在嘈嘈嚷嚷的人群中传来掷地有声的一句话:“我花二十两买了云哥儿。”
场面霎时静了一瞬。
然而下一秒人群中的嘈杂声更大了,纷纷在议论这个堪称巨额的数字。
原本扑腾着的江二婶也顿住了,一咕噜从地上爬起来。
“你是说真的?”
她的眼睛从上到下打量着年欢酒,怎么看也不像是个有钱的主儿,竟然一出手就是二十两?
年欢酒早上是要去食铺做饭的,自然怎么方便怎么来,一身粗布衣衫怎么也看不出丝毫财力。
他自知人靠衣装,现在只好表明身份:“我是欢酒食铺的老板,云哥儿的雇主。”
“原来是年老板!”江二婶当即眉开眼笑。
她眼睛轱辘一转,当即拍腿哭丧着:“我们云哥儿只是去做工的,可不是卖身的。若不是家里实在活不起,又怎么能舍得云哥儿受苦?”
年欢酒冷笑一声,他猜出了江二婶的意图却还是问道:“那你要如何?”
江二婶眉开眼笑:“年老板是爽快人,一口价三十两,云哥儿归您了。”
“哼,”年欢酒微微仰起头做出一副盛气凌人的模样:“什么哥儿能值三十两?我不过是云哥儿用着顺手才想买了他,既然你狮子大开口,那此事便作罢了。”
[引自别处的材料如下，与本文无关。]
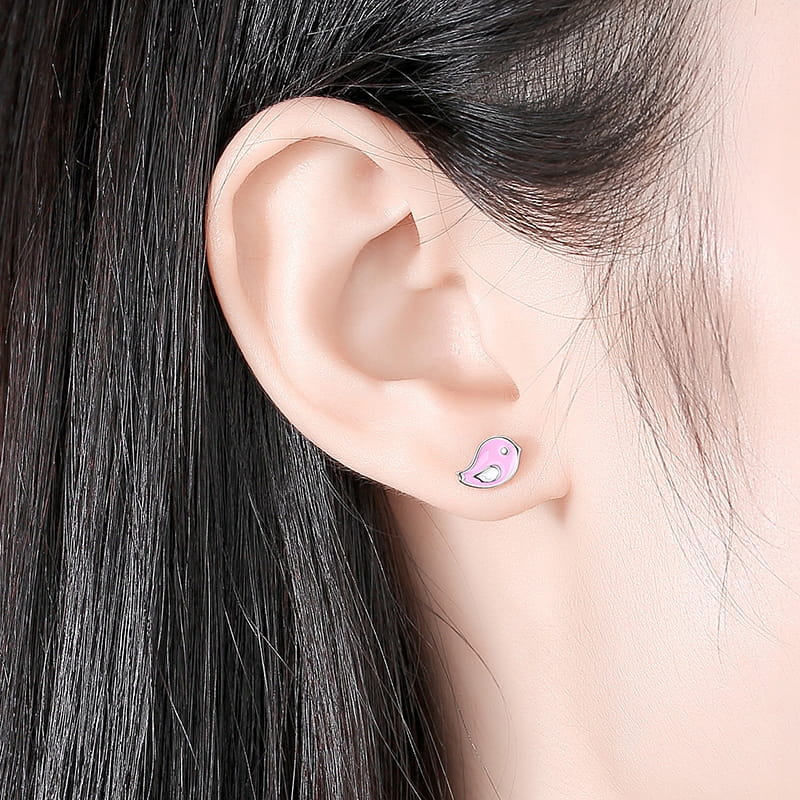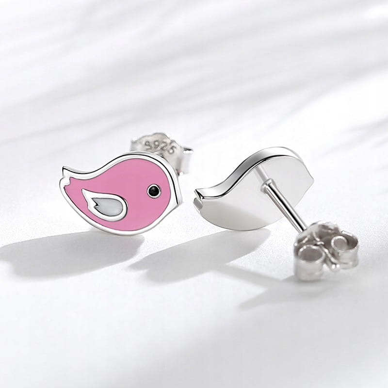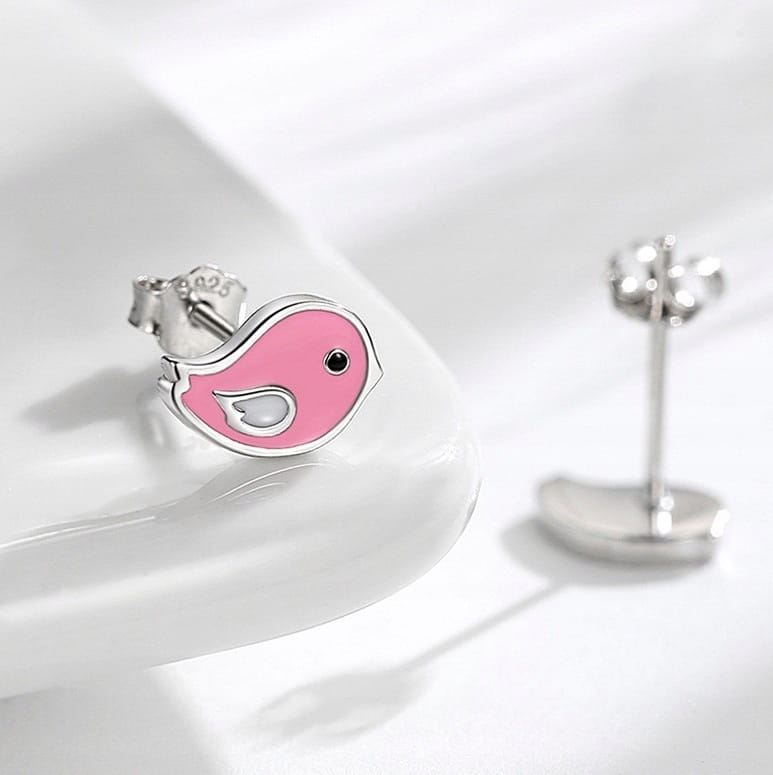 Fraise kolczyki Ptaszki różowe Srebro S925

说着他就要抬腿往外走,连着张婳和赵孙两人都跟着走了,张婳甚至还将云哥儿推了出去。
江二婶当即傻了眼,她怎么也没想到云哥儿就这样被舍弃掉了。
“年老板,你若是不买,我可就拿去抵给红老板了!”她扯着嗓子喊。
年欢酒脚步停住了,江二婶以为拿住了年欢酒的弱点。
没想到年欢酒只是轻轻一抬手:“红老板请便。”
红袖此时却也一摆手:“年老板不要,我也觉得不妥。这哥儿如此刚烈,折腾了一早上我都没能把人带走,日后还不知要闯出什么乱子来。我看还是依年老板所言,把那江镇扭送官府吧。”
“别别别,红老板您千万手下留情啊。”江二婶没想到自己一贪心居然偷鸡不成蚀把米。
眼瞧着红袖也要走,她赶忙又跑过去拦住年欢酒。
“年老板,二十两这个哥儿归您了!”说着她一把将云哥儿推出去。
云哥儿似乎已经完全被吓傻了,丝毫没有了早上的挣扎,无论是年欢酒不要他,还是他二婶要卖了他都无动于衷。
年欢酒不屑道:“我忽然觉得这个哥儿也不值二十两,我随便去买个正经帮厨也不过十几两。十五两,你卖我就买。”
“那,那十八两!”江二婶无法只得降价,早知道方才二十两爽快卖了也就罢了,哪知道这个老板竟然变脸这么快。
年欢酒摇头:“十三两。”
怎么还越讲越低?
江二婶一咬牙:“十五两就十五两!”
家里的钱再凑一凑也能有个五两银子,总得把老头子赎回来不是?
“你先签了卖身契,一手交契,一手交钱。在场诸位皆是见证!”
年欢酒自然不是真的要云哥儿日后给他为奴为婢,只是要一个卖身契有个保障,确保日后江家人不敢再纠缠于他。
白纸黑字的卖身契放在眼前,江二婶却又吞吞吐吐地推脱着。
“我大字不识一个,哪里晓得什么叫签契?你们该不会诓骗我吧?”
年欢酒皱眉,对着红袖拱手致意:“还烦请红老板帮我做个见证。”
红袖捂嘴轻笑端的是优雅风韵:“这有什么难的?”
她走过去看了一遍身契:“错不了,白纸黑字写得明白,年老板付你十五两银子,往后云哥儿身家性命便只归年老板了。”
纵使红袖说得这样清楚明白,江二婶却依旧磨磨蹭蹭地不肯签,理由倒是很正当,她毕竟不识字,自然也不会签自己的名字。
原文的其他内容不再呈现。